Magnetic resonance fingerprinting (MRF) provides fast and simultaneous mapping of parameters including T1 and T2. However, T2 mapping in MRF has been less robust and accurate than T1 in its current form. In this work, we propose a new sequence with spiral-out and -in double echoes (SOIDE) for MRF in each TR block which provide double echo signal with better T2 contrast. The proposed SOIDE-MRF shows improved performance over FISP-MRF, as demonstrated in Monte Carlo simulation on a numerical brain phantom (at Tacq=6s/slice, NRMSE of T2 reduced to 9.41% in SOIDE-MRF, and FISP-MRF ~11% at Tacq=12s/slice) and in vivo brain (less biased and more stable T2).
As shown in Fig1, adding upon the conventional FISP-based MRF, which has a single echo (spiral-out, short TE), the proposed SOIDE-MRF introduces a second echo (spiral-in, long TE). As such, it can generate an FID-like signal and also an echo-like signal in each TR, and provide better T2 information. In implementation, the second spiral trajectory in each TR is set to be the same as the first one with reversed order thus no dummy time is needed for the rewinder. Between the two spiral readouts, a Gz spoiler gradient is inserted as the unbalanced gradient. In the same manner as in FISP-MRF, the blocks vary in FAs and TRs to create temporal incoherence. The two echo signals from each block are reconstructed separately with a sliding window scheme3 and NUFFT reconstruction4 and then matched to the dictionary which is accurately modeled with extended phase graph (EPG) theory5. We used the same FA and TR time series for both SOIDE-MRF and FISP-MRF, and the same 36x undersampled spiral trajectory with a FOV of 22cm and 1.22mm voxel size. For SOIDE-MRF, 750 TRs were acquired with total acquisition time of 15s per slice. For comparison, 1500 TRs for FISP-MRF were acquired with the same 15s acquisition time.

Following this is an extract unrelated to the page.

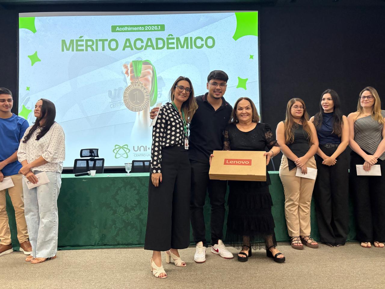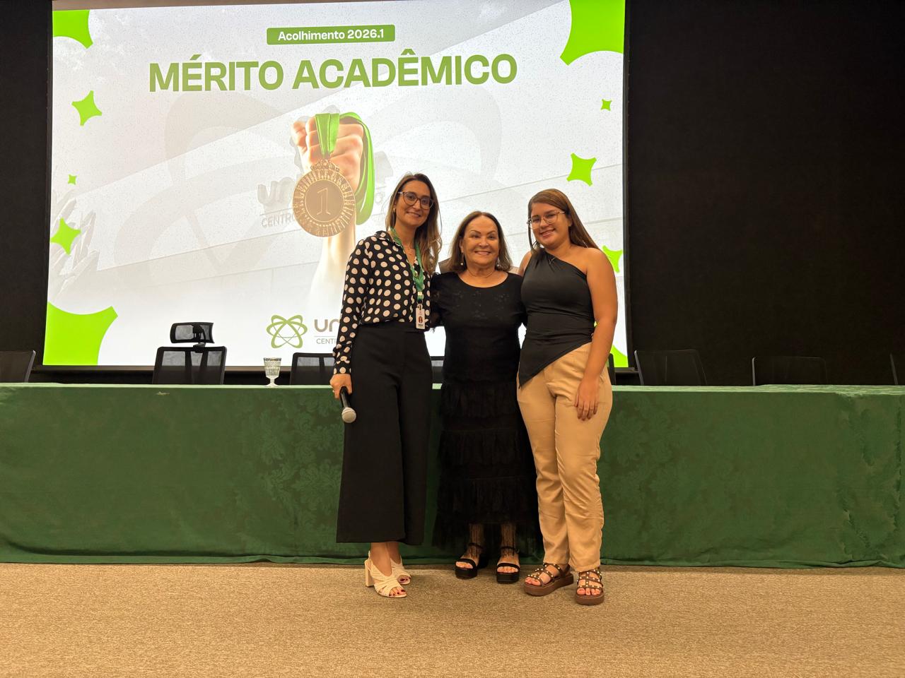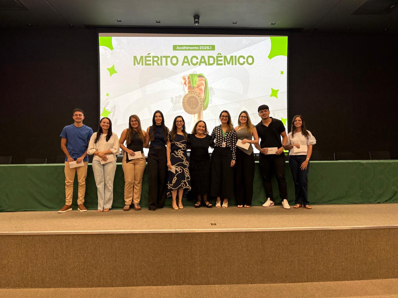 Ainda durante o acolhimento dos veteranos, foi realizada a premiação do Mérito Acadêmico, que reconhece e homenageia os estudantes com melhor desempenho no semestre anterior, como forma de valorizar a dedicação, o compromisso e a busca contínua pela excelência acadêmica.
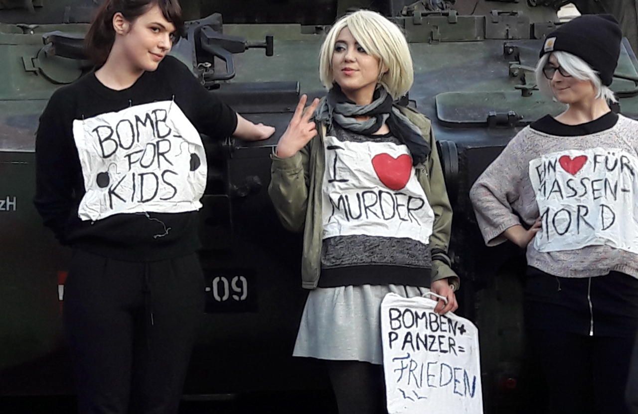 Drei junge Frauen setzten bei der Leistungsschau des Bundesheeres ein Zeichen gegen Bomben und Panzer.

To investigate the feasibility of the SOIDE-MRF, Monte Carlo simulation was conducted on a numerical brain phantom which includes the acquisition, sampling and reconstruction processes. Gaussian noise was added such that SNR=20 (for white matter). Simulations were repeated 50 times for statistical analysis which include pixel-wise and overall mean error and standard deviation calculation and also NRMSE. Experiments were also conducted on in vivo human brain with the same parameters at 3T(Siemens Prisma) using 20 channel receive coil.
Fig 2 shows simulation results for both SOIDE-MRF and conventional FISP-MRF. For each case, the mean maps, mean error maps and normalized RMSE maps are shown for both T1 and T2 at different acquisition time, and the overall NRMSE of T2 is labeled in each panel. Fig.3. shows the overall relative error and normalized RMSE result versus acquisition time for different simulation cases.
In vivo results are shown in Fig.4, which includes T1 and T2 maps for different acquisition durations, with conventional T1w and T2w images for comparison.